Les Matières Protéiques Végétales (MPV)
constituent une des classes de produits alimentaires intermédiaires destinés
aux industriels alimentaires ou non alimentaires. On distingue les farines,
les concentrés et les isolés. Ceux ci contiennent au minimum 50% de
protéines.
Les graines de soja doivent être nettoyées,
dépelliculées et les amandes obtenues, délipidées afin d’obtenir la farine
dont la teneur en protéines se situe autour de 50%.
Le nettoyage, élimination des corps étrangers
(sable, pierres, déchets végétaux et animaux, graines étrangères) et des
graines indésirables (endommagées, immatures ou germées), et le décorticage
sont réalisés de façon classique.

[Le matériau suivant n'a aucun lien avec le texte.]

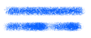 [液量のジッター] が適用されたブラシストローク: ジッターの滑らかさなし (上) とジッターの滑らかさあり (下)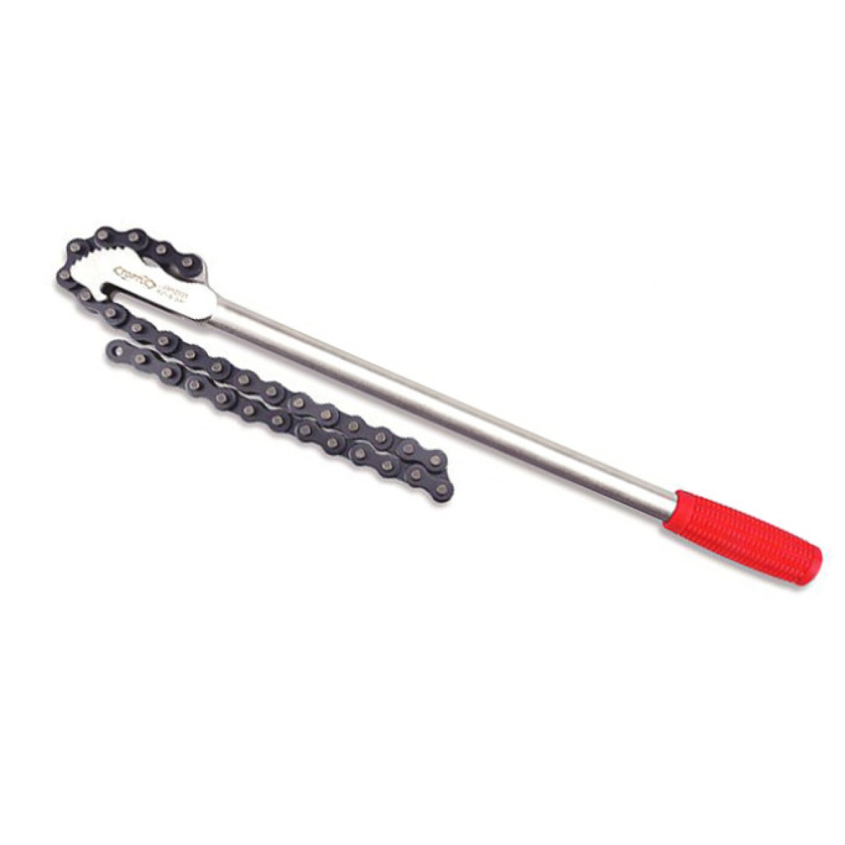 Съёмник масляного фильтра цепной предназначен для диаметром . Высокопрочная термообработанная цепь обеспечивает , а зазубренные губки создают . Длинная стальная ручка даёт для работы с прикипевшими фильтрами и большими трубами. Рукоятка из стали выдерживает высокие нагрузки, а мягкое покрытие улучшает хват и уменьшает усталость рук. Инструмент также подходит для .

En effet, les graines sont successivement
prénettoyées, séchées puis réhumidifiées à une humidité de 10% pour
faciliter le décorticage et limiter l’activité de la lipoxygénase enzyme
impliquée dans la flaveur désagréable de haricot. Elles sont ensuite
nettoyées complètement, éclatées en quatre à huit morceaux et enfin
décortiquées.
Les soucis principaux lors de cette étape sont
d’obtenir une farine à haute teneur protéique grâce à un fort degré de
décorticage et de limiter la perte de solubilité des protéines reflet de
leur dénaturation.
La délipidation s’effectue ensuite par
extraction à l’aide d’un solvant, généralement de l’hexane. Les fragments
d’amandes sont tout d’abord conditionnés thermiquement vers 65°C. Ensuite,
les amandes sont aplaties pour donner des flocons afin d’augmenter la
surface accessible à l’hexane. Enfin les flocons et le solvant sont réunis
dans un extracteur : à l’issu de cette opération les flocons sont dits
délipidés : la teneur en lipides doit être inférieure à 1%.
La farine est obtenue
alors après broyage.
Celle-ci constitue la MPV la plus utilisée
dans le monde et sert aussi de base pour la production de produits à plus
haute teneur en protéines : les concentrés (ou concentrats) et les isolés
(ou isolats).
La préparation de concentrés a pour but
d’améliorer les caractéristiques nutritionnelles et organoleptiques des
farines déshuilées. Cela consiste en l’extraction la plus spécifique
possible des composés non protéiques, antinutritionnels ou gênants solubles
dans des solvants aqueux plus ou moins polaires.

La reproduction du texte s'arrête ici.